One of the under-appreciated blessings of a life in Southeastern Michigan is the Saturday night broadcasts of Hockey Night in Canada. Imported via the Ontario airwaves from just across the icy Detroit River, Canada's illustrious Hockey Night is delivered into kitchen radios and living room television sets in select corners of Michigan. It is not long after my discovery of hockey during the ill-fated '93 Playoffs that I discover this miracle. Thus began what would become a lifelong obsession with Hockey Night in Canada.

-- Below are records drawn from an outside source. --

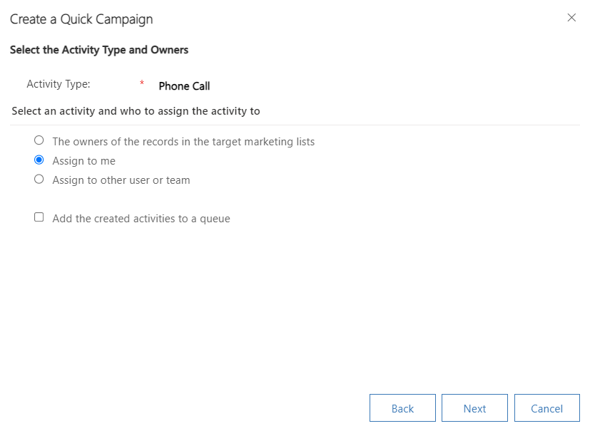 Assistent folgen: Wähle „Phone Call“ als Aktivitätstyp aus und weise die Aufgaben dir selbst oder deinem Team zu.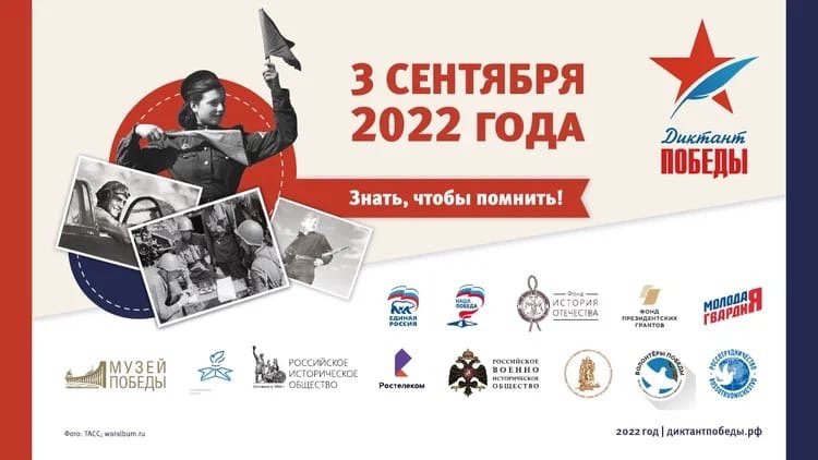 3 сентября 2022 года, в день окончания Второй Мировой войны, в России и за рубежом в четвертый раз состоится Международная патриотическая акция «Диктант Победы», организуемая постоянно действующим Организационным комитетом Партии «Единая Россия» «НАША ПОБЕДА» совместно с Российским историческим обществом, Российским военно-историческим обществом и Всероссийским общественным движением «Волонтеры Победы».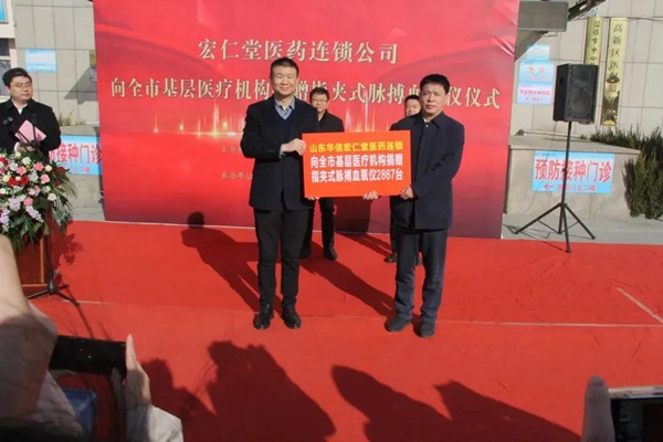 1月9日,山東華信宏仁堂醫(yī)藥連鎖有限公司向淄博市村衛(wèi)生室捐贈(zèng)指夾式脈搏血氧儀儀式在高新區(qū)石橋中心醫(yī)院舉行。在此次活動(dòng)中,山東華信宏仁堂向全市的村衛(wèi)生室捐贈(zèng)2867臺(tái)指夾式脈搏血氧儀,總價(jià)值達(dá)50萬(wàn)元。淄博市衛(wèi)生健康委黨組書(shū)記、主任,市中醫(yī)藥管理局局長(zhǎng)程勤,淄博高新區(qū)管委會(huì)副主任李凱,民革淄博市委會(huì)副主委、山東華信宏仁堂醫(yī)藥連鎖有限公司董事長(zhǎng)張超參加此次捐贈(zèng)儀式。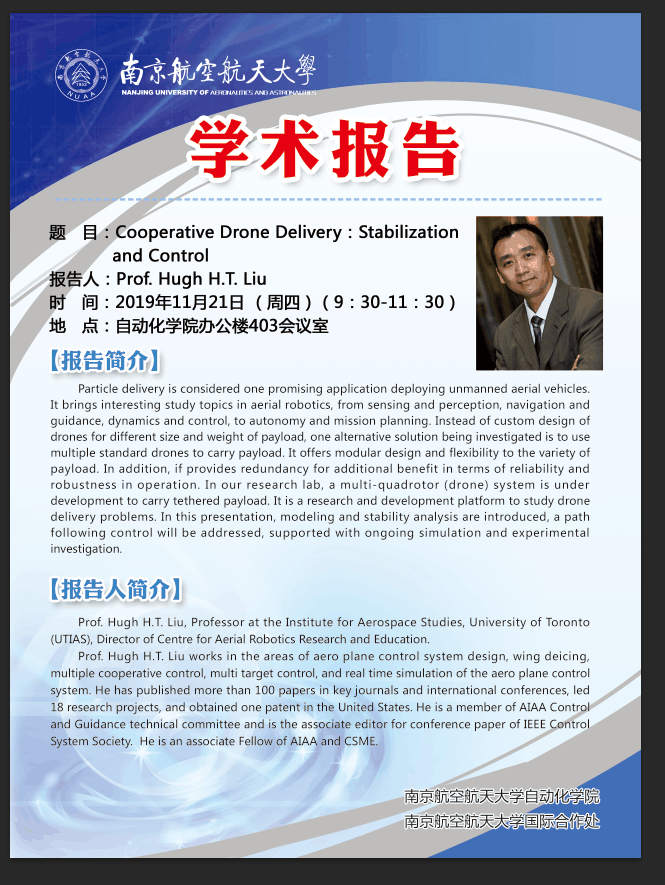 学术报告:Cooperative Drone Delivery:Stabilization and Control

It is the early nineties in America. An Arkansas Southerner by the name of Bill Clinton resides in the White House. The music world mourns the suicide of Kurt Cobain. American suburbanites settle into the prosperous nineties as the economy booms and the cocaine-fueled party of the nineteen eighties fades. Forrest Gump becomes a household name over the summer. But I don't know any of that. Second grade at St. Michael's Catholic school and the career of our after school play in the Millwood woods are the sole occupants of my mind.
Life in our corner of Millwood slogs on as an arctic tranquility seizes the woods behind the house. The winter days blend together into a great white void in the way those two-dog nights of February do. The Ford's and Dodge's of the neighborhood gasp and wheeze in metallic agony as their engines reluctantly turn in the glacial temperatures. Over the gas stovetop, Mom stews up chili, clam chowder, broccoli cheddar soup, and anything else that might warm our little bones. We say grace at the dinner table and my little brother Patrick asks us to pray for the endangered dolphins in the ocean; I ask us to say a prayer for the Red Wings players before tonight's impending game, which I spent the majority of the school day doodling and fantasizing of. As Patrick and I skeptically twiddle our forks through our green peas, Mom asks us about our day while Dad tells us to drink our milk.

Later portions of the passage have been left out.